Он сразу заметил ее изысканное летнее платье, но промолчал, подумав, что даже самый экстравагантный наряд на ней будет казаться вполне естественным. У нее был какой-то особый дар входить в любую принятую ею на себя роль с такой непринужденностью, что трудно было сказать, поза это или просто у нее так получается само собой.

– Если бы вы приехали чуть пораньше, – сказала Беренис, – вы бы застали нашего соседа, Артура Тэвистока. Он помогал мне устраиваться. Ему пришлось поехать в Лондон, но завтра он опять приедет мне помогать.

– Вот как, – засмеялся Каупервуд, – скажите, какая деловитая хозяйка! Заставляет работать гостей! Или здесь уж так принято, что работать считается главным развлечением? А меня что заставят делать?

– Бегать по поручениям. У меня столько их накопилось!

– Да ведь я с этого начал свою карьеру!

– Берегитесь, как бы вам не пришлось этим и кончить… Идем, милый, – тихонько шепнула она и тут же, подозвав пастуха, передала ему ягненка и взяла Каупервуда под руку.

Они пошли по зеленой лужайке к плавучему домику.
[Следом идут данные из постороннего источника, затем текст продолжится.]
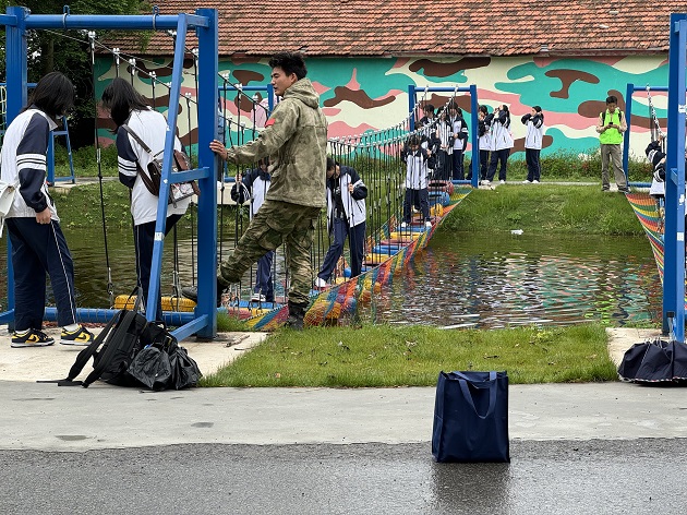 同学们心中树立明确目标,或是端起镭射枪,或是举起弓箭,进入瞄准状态,注意力高度集中,内心迅速冷静下来,做到真正的心无旁骛。而水上项目是最为紧张的,因为稍有不慎就会从掉桥上掉落,同学们过桥期间需要做到胆大心细。当同伴们完成任务时,大家的脸上满是激动与自豪。通过体验军事拓展项目,同学们增强了国防观念和国家安全意识,更深切地感受到了我们今天的幸福生活来之不易。
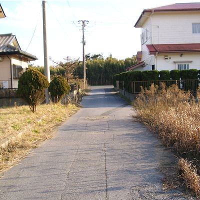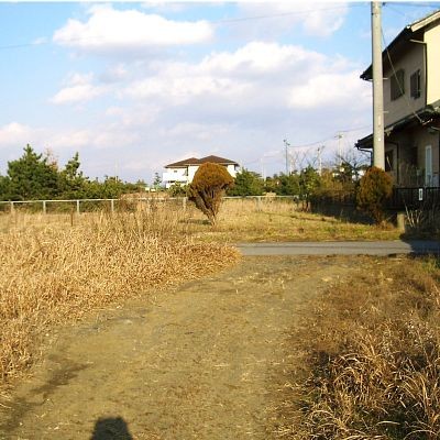 前面道路、右側が土地です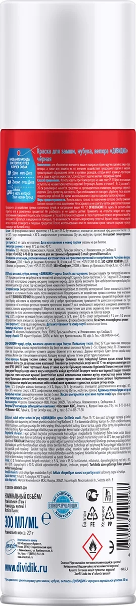 Состав: менее 5% – d-лимонен, отдушка, фторкарбоновая смола; от 15% до 30% – нефрас; более 30% – спирт изопропиловый, алифатические углеводороды (бутан, изобутан, пропан).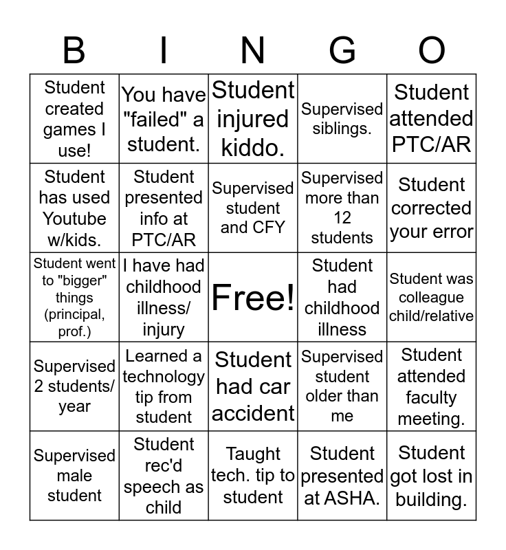 This bingo card has a free space and 24 words: Learned a technology tip from student, Student rec'd speech as child, Supervised student and CFY, Supervised male student, Student attended PTC/AR, Student created games I use!, Student has used Youtube w/kids., You have "failed" a student., Student had childhood illness, Student had car accident, Supervised more than 12 students, Student went to "bigger" things (principal, prof.), Supervised student older than me, Student attended faculty meeting., Student presented info at PTC/AR, Student presented at ASHA., Student was colleague child/relative, Student injured kiddo., Student corrected your error, I have had childhood illness/ injury, Student got lost in building., Supervised 2 students/ year, Supervised siblings. and Taught tech. tip to student.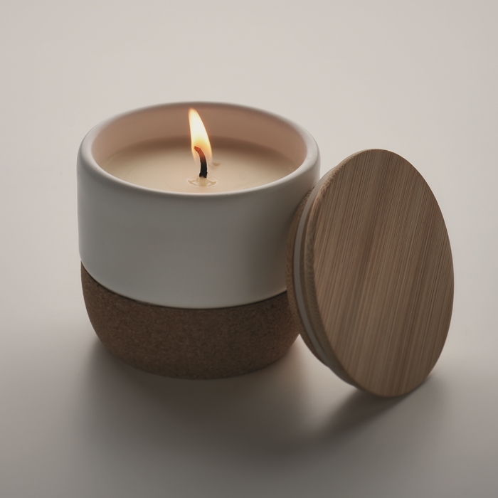 Esta vela com um toque natural com base de cortiça e tampa de bambu é ideal tanto para casa como para o escritório. Além disso, serve como elemento decorativo.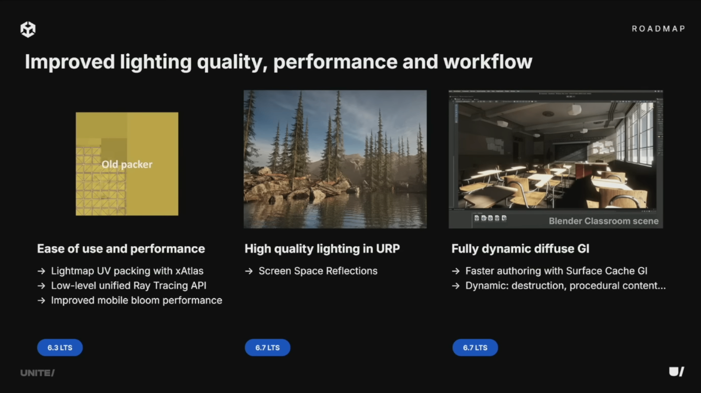 6.3ではXatlasによるUVパッキングでライトマップオーサリングを簡素化。新しい統一レイトレーシングAPIによる低レベル制御も追加。各プラットフォームに合わせたライティング品質の最適化にも注力し、モバイルでのBloomパフォーマンス改善、URPへのScreen Space Reflections追加を実施。URP向け完全動的GI「Surface Cache GI」も開発中で、プロシージャル生成コンテンツやランタイムでの破壊表現など、動的環境における間接光ソリューションとなる。

Там на веранде под тентом был сервирован стол. В глубине у открытого окна сидела миссис Картер с книгой в руках. Каупервуд дружески поздоровался с ней, и Беренис повела его к столу.

– Ну вот, садись и наслаждайся природой! – скомандовала она. – Отдыхай и выкинь из головы Лондон и все свои дела. – И она поставила перед ним графин с мятной настойкой – любимый его напиток. – А теперь хочешь послушать, что я для нас с тобой придумала, если ты будешь свободен? Ты как думаешь, будет у тебя время?

– Сколько хочешь, милочка! – отвечал он. – Я все устроил. Мы с тобой вольные птицы. Эйлин в Париже, – прибавил он, понизив голос, – и, как она говорила, пробудет там по меньшей мере дней десять. Так что же ты придумала?

– Мы едем осматривать английские соборы – мама, дочка и ее почтенный опекун! – объявила Беренис. – Мне всегда так хотелось побывать в Кентербери, Йорке и в Уэльсе! Тебе не кажется, что можно выкроить время хотя бы на это, раз уж нельзя поехать на континент?

– Прекрасная идея! Я, признаться, очень мало знаю Англию, и для меня это будет большое удовольствие. И мы будем совсем одни. – Он сжал ее руку, и Беренис поцеловала его в голову.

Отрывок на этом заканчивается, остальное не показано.